We do not use it as a first-line agent, except in selected patients taking high doses of, or multiple, MAOI and/or serotonergic drugs, because of cost considerations (approx. £140 per day in UK as of October 2018). We do use it as a switch agent from Linezolid, however, when patients develop Linezolid associated intolerance or anaemia and/or thrombocytopenia, but only if two infection consultants or an MDT discussion agrees that it is the optimal ongoing therapy (i.e. other, as efficacious, oral agents are not available).
Our experience of longer-term use (> 6 days) has been favourable so far, with less adverse effects than equivalent courses of Linezolid, and we therefore extend monitoring to fortnightly after the first two weeks. We find that the myelosuppression adverse effects of Linezolid resolve in most (but not all) patients switched to Tedizolid. We strongly do not advocate use, however, for endocarditis or meningitis or cerebral infection until further clinical data are available.

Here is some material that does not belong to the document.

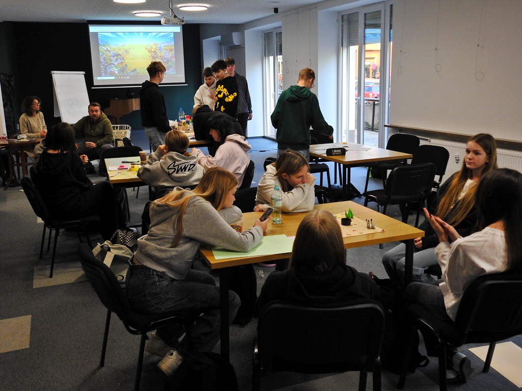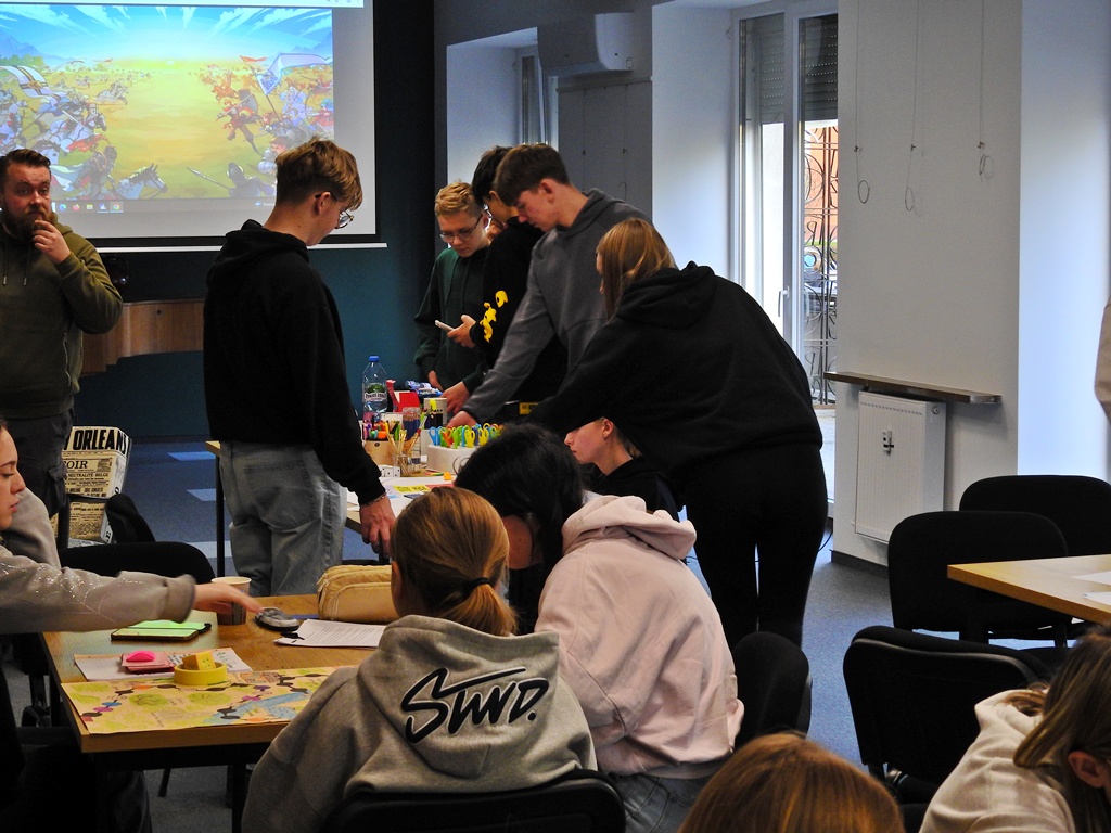 Właśnie zakończył się ostatni etap projektu „Star Town. Legendy gwiezdnego miasta”, czyli warsztaty tworzenia gry wielkoformatowej. Pierwsza klasa Technik Logistyk z Zespołu Szkół Zawodowych nr 2 w Starachowicach podjęła się trudnego zadania zwizualizowania neolegend o Starachowicach, na planszach wymyślonych przez siebie gier. Zabawa świetna, pomysły fantastyczne, gry zaskakujące, a twórcy kreatywni i pełni zapału. Prowadzący spotkanie pan Przemysław Góral z Good Games był pod ogromnym wrażeniem pracy i zaangażowania uczniów. Gry dostępne w „Plastusiu”… Wpadnijcie i zagrajcie.

Pristinamycin (see week 1, step 1.14 to 1.16) might have been an option for the patient described in steps 3.4 and 3.6, but the isolate was not tested against Quinupristin/Dalfopristin (a surrogate marker of susceptibility) and the drug was not available in our hospital at that time: although we have subsequently started to use it. Had the isolate been susceptible and the drug available, however, this would have been a better longer-term option considering the risk of adverse effects and monitoring required.